Analysis of vibrational resonance in an oscillator with exponential mass variation

Abstract

This study investigated vibrational resonance (VR) in a Duffing-type oscillator with position-dependent mass (PDM) distribution defined by spatially varying exponential function. The role of two PDM parameters, the fixed rest mass m0 and nonlinear strength k on observed resonances was investigated from the analytical and numerical computation of response amplitude Q, which is a measure of the amplification of a low-frequency (LF) signal through the introduction and modulation of a high-frequency (HF) signal in a weakly driven nonlinear system. The method of direct separation of motion was used to analytically compute the response amplitude, while the numerically computed response amplitude was obtained from the Fourier spectrum of the output signal. Single resonance peaks with good agreement between the numerically and the analytically computed responses were observed for the traditional HF-induced VR and the PDM-induced resonances. The results demonstrated that spatial mass perturbation can play the roles of HF signals typically used in traditional VR setups.

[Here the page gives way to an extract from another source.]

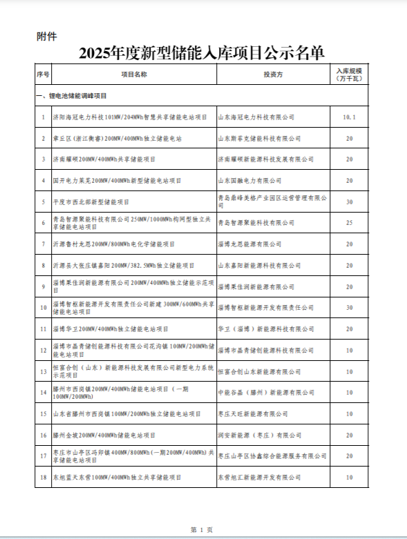總規(guī)模超42GWh!山東能源局印發(fā)《關(guān)于2025年度新型儲能入庫項目的公示》

The results of this investigation corroborate earlier reports that stated PDM parameters can complement the HF signal to control the observed resonance peaks. However, the exponentially varying PDM parameters did not initiate double or multiple resonances as reported for other mass distributions such as the regular mass function and the doubly-singular mass function. This study communicates that the nature of the PDM distribution actually determines the possibility of generating new peaks from observed resonances.